The reranker optimizes precision and ordering.


11. Why Reranking Helps

Vector search often uses approximate similarity over precomputed embeddings.

A reranker can inspect the query and candidate text together.

This enables finer relevance judgment.

Example:

Query:

"What is the deadline to appeal an enforcement notice?"

Candidate A:

An appeal may be submitted after an enforcement notice is issued.

Candidate B:

The respondent must file an appeal within 14 calendar days after receiving the enforcement notice.

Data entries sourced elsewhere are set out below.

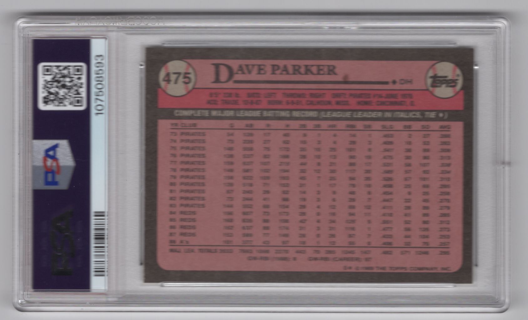 1989 TOPPS DAVE PARKER PSA 9 OAKLAND ATHLETICS #475 POP 8 ONLY 34 HIGHER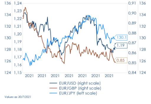 In conclusione, come atteso, la riunione di luglio ha aperto ufficialmente la porta all’”inizio della fine” delle politiche espansive, pur senza dare dettagli operativi. Allo stesso tempo, J. Powell è sembrato voler diminuire le aspettative su Jackson Hole, che potrebbe risultare meno importante per il tapering. La riunione di settembre dovrebbe essere, invece, più interessante per due motivi. In primo luogo, probabilmente farà un po’ più di chiarezza sulla tempistica del tapering, dato che il FOMC avrà avuto l’opportunità di discutere maggiormente la questione. E in secondo luogo, il dot plots comprenderà per la prima volta le previsioni dei membri del FOMC per il 2024, dando così un’idea del ritmo dei rialzi dei tassi che la Fed ha in mente.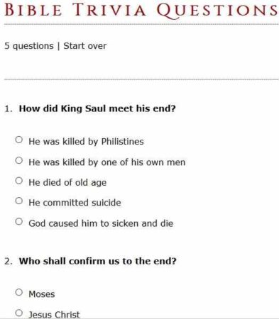 These are the 5 free online Bible quizzes websites. You can check out your Bible knowledge by taking quizzes on any of the websites. In my opinion the most interesting quizzes can be found on the Christianity website. I definitely enjoyed playing those quizzes. You can try out all the websites and see which one you like the best.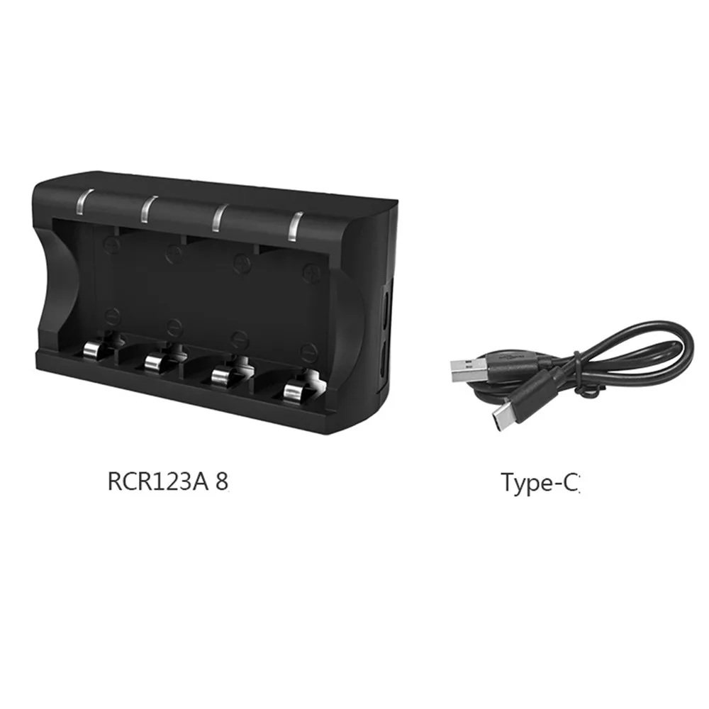RCR123A перезаряжаемая литий-ионная батарея 8 слотов Смарт зарядное устройство Type-C микро Зарядная Станция Адаптер 16340 16350 16360 3,7 V Arlo

Both are semantically related.

Candidate B is better.

A reranker should rank B above A.


12. Reranker Inputs

A reranker usually receives:

class RerankInput(BaseModel):
    query: str
    candidates: list["RetrievalCandidate"]
    user_context: dict[str, str] = {}
    max_results: int

Candidate:

class RetrievalCandidate(BaseModel):
    chunk_id: str
    text: str
    source_id: str
    score: float | None = None
    rank: int | None = None
    source: str

    metadata: dict[str, str | int | float | bool | None]

Output:

class RerankResult(BaseModel):
    chunk_id: str
    relevance_score: float
    rationale: str | None = None

In high-throughput paths, avoid storing long natural-language rationales unless needed for debugging.


13. Retrieval Filters

Filtering is not optional.

Filters protect correctness and security.

Common filters:

  • tenant_id
  • acl_policy_id
  • allowed_roles
  • document_status
  • valid_from
  • valid_to
  • jurisdiction
  • case_type
  • source_type
  • classification
  • language
  • policy_area

Security filters should happen before candidate text is returned from the search backend whenever possible.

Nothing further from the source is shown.